我正在尝试抓取此网站:https://www.vertexconnects.com/find-atc

输入任何邮政编码后,我似乎无法让 while 循环继续单击“加载更多”按钮。该代码似乎在位置行上失败,获取每个位置结果,并出现此错误

   raise TimeoutException(message, screen, stacktrace)
selenium.common.exceptions.TimeoutException: Message: 

代码如下:

from selenium import webdriver
from selenium.webdriver.support.ui import WebDriverWait
from selenium.webdriver import ActionChains
from selenium.webdriver.common.by import By
from selenium.webdriver.support import expected_conditions as EC
from selenium.webdriver.support.ui import Select

options = webdriver.ChromeOptions()
driver = webdriver.Chrome(options = options)
action = ActionChains(driver)

driver.get("https://www.vertexconnects.com/find-atc")
driver.maximize_window()
wait = WebDriverWait(driver,5)
# Use below line only if you are getting the Accept/Reject cookies pop-up
wait.until(EC.element_to_be_clickable((By.XPATH, "//button[contains(.,'Accept All')]"))).click()

location_textbox = wait.until(EC.presence_of_element_located((By.ID,"location-search-input")))
action.move_to_element(location_textbox).click().send_keys("10001").perform()
wait.until(EC.element_to_be_clickable((By.CLASS_NAME, "atc-finder-button"))).click()

while True:
    try:
        wait.until(EC_element_to_be_clickable((By.ID, "loadMore"))).click()
    except:
        break

print("done")

locations = wait.until(EC.visibility_of_all_elements_located((By.XPATH, "//div[@class='location-result']")))

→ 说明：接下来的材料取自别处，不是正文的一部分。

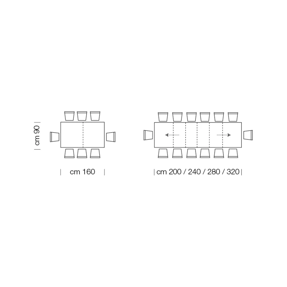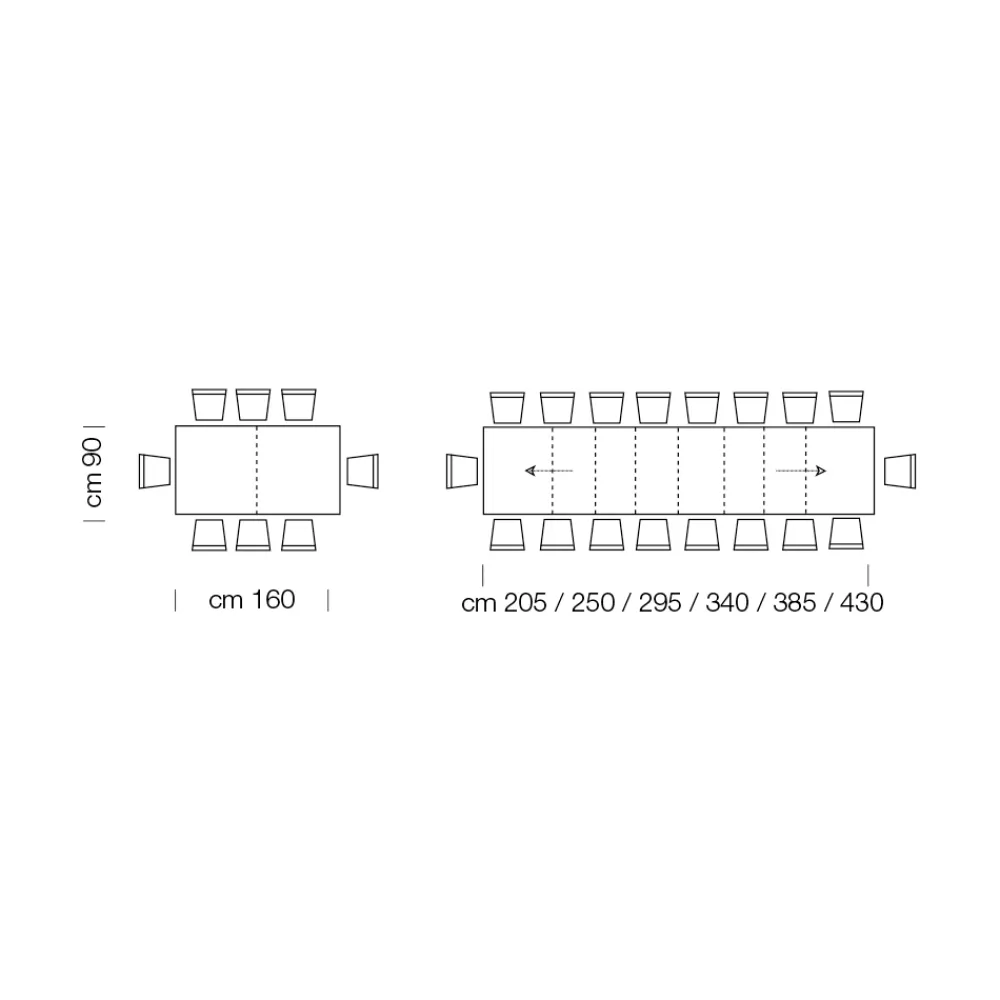 - L 160 (430) x T 90 x H 77 cm. 18-Sitzer, erweiterbar mit sechs 45-cm-Verlängerungen, drei interne und drei in einer wiederverwendbaren Pappschachtel geliefert;
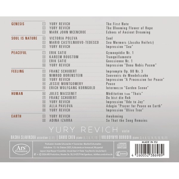 Avec son album concept PEACE, le célèbre violoniste et compositeur autrichien Yury Revich (*1991) invite les auditeurs à un voyage à travers le monde, explorant la paix intérieure et universelle à travers les voix de compositeurs issus de cultures et horizons variés. Le programme, résolument mélodieux, inclut également des compositions de Yury Revich lui-même : ses Impressions – de courtes pièces musicales conçues spécialement pour ce projet – ainsi que deux poèmes originaux, qui servent de ponts conceptuels entre les chapitres de l'album et donnent à PEACE une narration musicale cohérente. Interprété avec sensibilité par Yury Revich, aux côtés de l'accordéoniste Basha Slavinska et des pianistes David Chen et Volodymyr Borodin, l'album révèle une profondeur artistique et une cohérence particulières.

for location in locations:
    name = location.find_element(By.TAG_NAME, "h4").text()
    address = location.find_element(By.CLASS_NAME, "address atc-finder-hospital-address").text()
    phone_num = location.find_element(By.TAG_Name, "a").text
    print(name, address, phone_num)
python selenium-webdriver web-scraping
1个回答
0
投票

代码中的问题:

  1. 事实上,您的

    while
    循环未有效单击 Load More 按钮,原因如下:

    1a。在下面的代码中,存在语法错误。应该是

    EC.
    而不是
    EC_

    wait.until(EC_element_to_be_clickable((By.ID, "loadMore"))).click()
    

    1b。 Selenium 无法通过

    EC.element_to_be_clickable
    找到“加载更多”按钮。改成
    EC.presence_of_element_located

  2. 在下面的代码中,最后应该是

    .text

    name = location.find_element(By.TAG_NAME, "h4").text()
    address = location.find_element(By.CLASS_NAME, "address atc-finder-hospital-address").text()
    
  3. 以下定位器策略不正确。当有多个类时,不能使用

    CLASS_NAME
    。仅供参考,
    address
    是一类,
    atc-finder-hospital-address
    是另一类。

    By.CLASS_NAME, "address atc-finder-hospital-address"
    
  4. 如果您注意到网页,并不是每家医院都有电话号码。因此,当没有找到

    <a>
    标签时,下面的代码行将会失败

    phone_num = location.find_element(By.TAG_Name, "a").text
    

这是重构后的代码:

import time
from selenium import webdriver
from selenium.webdriver.support.ui import WebDriverWait
from selenium.webdriver.common.by import By
from selenium.webdriver.support import expected_conditions as EC

options = webdriver.ChromeOptions()
driver = webdriver.Chrome(options = options)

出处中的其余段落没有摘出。